Based on Brokoff's doctoral dissertation at the University of Bonn in 1999, which was supervised by the eminent Germanist Juergen Fohrmann, this study is perhaps particularly worth recommending because it forces us to rethink the boundaries between religion and the political imaginaire during the Weimar Republic: the goal of the apocalyptic text, Brokoff suggests, consists in establishing a discursive regime within which only apocalyptic speaking is possible, that is, within which absolutes reign in an essentially self-destructive manner. Certainly, Brokoff is not the first scholar to consider this topic and its consequences, but much of what he has to say exceeds standard accounts by introducing a more "philosophical" perspective.[1] Ironically, apocalyptic discourse is always of an aporetic nature, unable to fulfill its premise of a final judgment/decision. Apocalyptic speech is thus always already connected to the political, and it is precisely the boundaries between the theological and the political that, over the last twenty years or so, have led to much discussion in German intellectual discourse, inspired in particular by the writings of Jacob Taubes and, more recently, Jan Assmann.[2] But while Taubes and Assmann approach this boundary from a largely theological and anthropological angle, Brokoff closely follows the arguments of Jacques Derrida's D'un ton apocalyptique adopte naguere en philosophie.[3] As such, he is not so much interested in the content as in the form of apocalyptic discourse and seeks to examine its internal logic by focusing on the intersection between the structures of political thought and what might be termed "theological foundation myths" in the writings of Carl Schmitt, Walter Benjamin, Ernst Juenger and Adolf Hitler.
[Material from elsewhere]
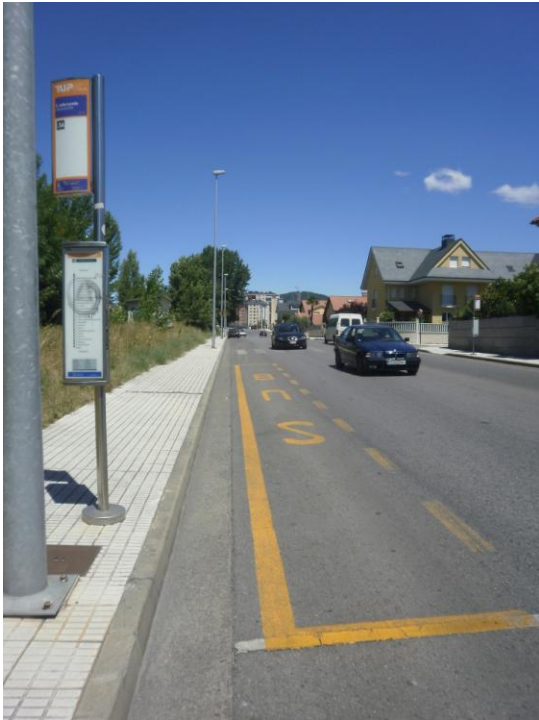
Imagen zona punto negro (glorieta de AV. Galicia):

Parada de bus más cercana (pero fuera del polígono):

Although Brokoff's study presents itself occasionally as a form of sophisticated Epochenkritik, he clearly moves within the framework of recent literary criticism and theory: his main concern is not the content, or the political implications, of apocalyptic discourse within a particular historical context, but a detailed examination of its language and internal logic. Following well-known interpretations of the Revelation of John the Baptist as an apocalyptic discourse marked by the tension between immanence and transcendence, and taking into account the recent theological and anthropological interest in the apocalypse as a figure of thought, Brokoff argues that intellectual discourse in the Weimar Republic (re-)politicizes the apocalypse, so that the original tension between immanence and transcendence becomes part of the political.[4] While seriously lacking in historical contextualization, this is undoubtedly an ambitious and worthwhile undertaking. At the end, however, there are also some fundamental problems, especially the question of whether the relationship between theology and the political can really be successfully addressed from the perspective of a philosophically inspired literary criticism.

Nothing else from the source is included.